Type specific properties
The type specific properties of a model block can be found in the Type Specific tab of the block properties window.
For Symbolic or Knowledge Models, the only property is Timeout, which is the execution timeout.
For ML models, the properties are:
- Symbolic Engine Timeout
- ML Engine Timeout
These are the execution timeouts of the two model components, symbolic and ML.
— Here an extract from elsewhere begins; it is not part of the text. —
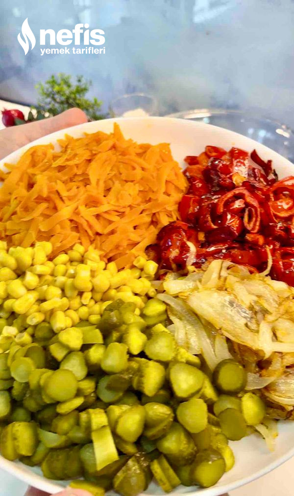 - Büyükçe bir kapta patatesleri, sote zerzevatları, turşuyu, mısırı ekleyip karıştıralım.

The timeout can be expressed in minutes (m) or seconds (s).
Functional options
Functional options can be found in the Functional tab of the block properties window and they vary according to the model type.
Note
In the following description, admitted values are indicated in round brackets next to each parameter name, with the possible default value in squares.
ML models
ML model blocks have the following functional parameters:
- ML Engine: propagate document content to output ([on]/off): make the model return the
content
output key. - ML Engine: output namespace (string): output keys for the ML step of the model may have a
namespace
property. This option allows overriding the default value of that property. - ML Engine: Output winner categories only (on/[off]): output only categories with property
winner
set totrue
. - Propagate symbolic engine output (on/[off]): when this option is turned on, the output of the symbolic step is included in the overall block output.
-
All these options:
- Apply rules
- Synchronize positions to original text
- Rules output namespace
- Output relevants
- Output sentiment
- Output relations
- Output dependency tree
- Output knowledge
- Output external ids
- Output rules extra data
- Output segments
affect to the symbolic step of the model and are the same of a purely symbolic model. They have an effect on the overall output of the model based on the Propagate symbolic engine output option (see above).
Symbolic models
The symbolic model type has the following properties:
- Synchronize positions to original text (on/[off]): model output can contain the positions—start, end—of elements in text, for example the position of parts of the text that triggered a category or the parts the correspond to extractions.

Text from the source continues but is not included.